Stress & parapente

Salut,

Il y a quelques mois, il y avait eu un long fil sur le forum concernant la gestion du stress… Je ne suis pas sûr que c’était celui là, mais il m’avait permis d’étoffer un peu le boulot que je mène depuis quelques années sur ce sujet. Que les intervenants de ce fil en soient remerciés !

Quoi qu’il en soit, je profite d’une refonte de mon site web pour en faire la première page… C’est un peu long à lire, la mise en page est loin d’être aboutie, mais le rédactionnel est à peu près fini.
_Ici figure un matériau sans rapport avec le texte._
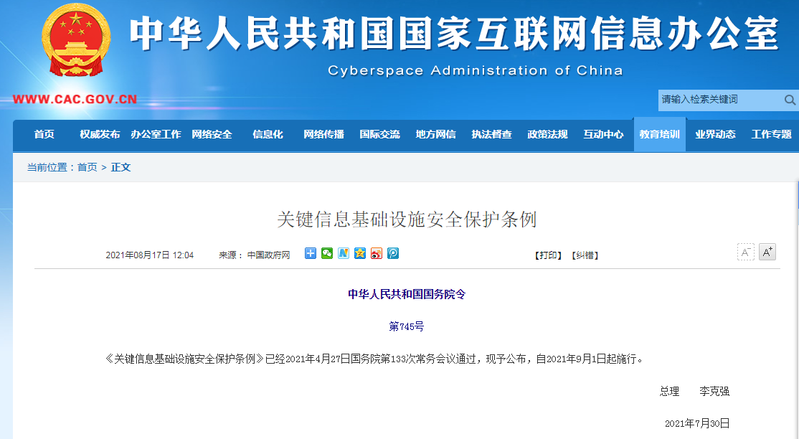 中華人民共和國國務(wù)院令第745號《關(guān)鍵信息基礎(chǔ)設(shè)施安全保護(hù)條例》已經(jīng)2021年4月27日國務(wù)院第133次常務(wù)會(huì)議通過,現(xiàn)予公布,自2021年9月1日起施行。總理 李克強(qiáng)2021年7月30日關(guān)鍵信息基礎(chǔ)設(shè)施安全保護(hù)條例第一章 總 則第一條 為了保障關(guān)鍵信息基礎(chǔ)設(shè)施安全,維護(hù)網(wǎng)絡(luò)安全,根據(jù)《中華人民共和國網(wǎng)絡(luò)安全法》,制定本條例。第二條 本條例所稱關(guān)鍵信息基礎(chǔ)設(shè)施,是指公共通信和信息服務(wù)、能源、交...

Je vous la soumets, en espérant qu’elle vous sera utile.

http://rocherbleu.com/stress-et-parapente/

Bonne lecture

:pouce:

:pouce: :pouce:

Merci Gilles (et les autres), qui prenez du temps pour faire et partager ce genre de choses.

J’ai tout lu et je confirme, super texte :pouce: … j’ai quand même quelques commentaires à chaud sur des points qui à mon avis pourraient être un peu plus développés :

  • Auto-diminution : Dans le stress dû aux facteurs irrationnels, on voit souvent des élèves et des pilotes qui s’auto dévalorisent, qui ne sont pas conscient de ce qu’ils savent réellement faire. Par exemple, ils exécutent des gestes parfaits au décollage et pourtant “ne sentent pas les choses” et affalent une aile parfaitement gonflée au dessus de la tête. Ou encore ils se lancent dans une transition et quelques 10aines de secondes après, font 1/2 tour par ce que “ça va pas passer”. Ou encore ils entrent dans un thermique et se barrent dès qu’il y a du monde qui vient, par ce qu’ils “gênent, ou ne sont pas à leur place”…
    As-tu trouvé des pistes à tu des commentaires à ajouter à ton doc pour pour aider les pilotes en question à avancer sur ce point?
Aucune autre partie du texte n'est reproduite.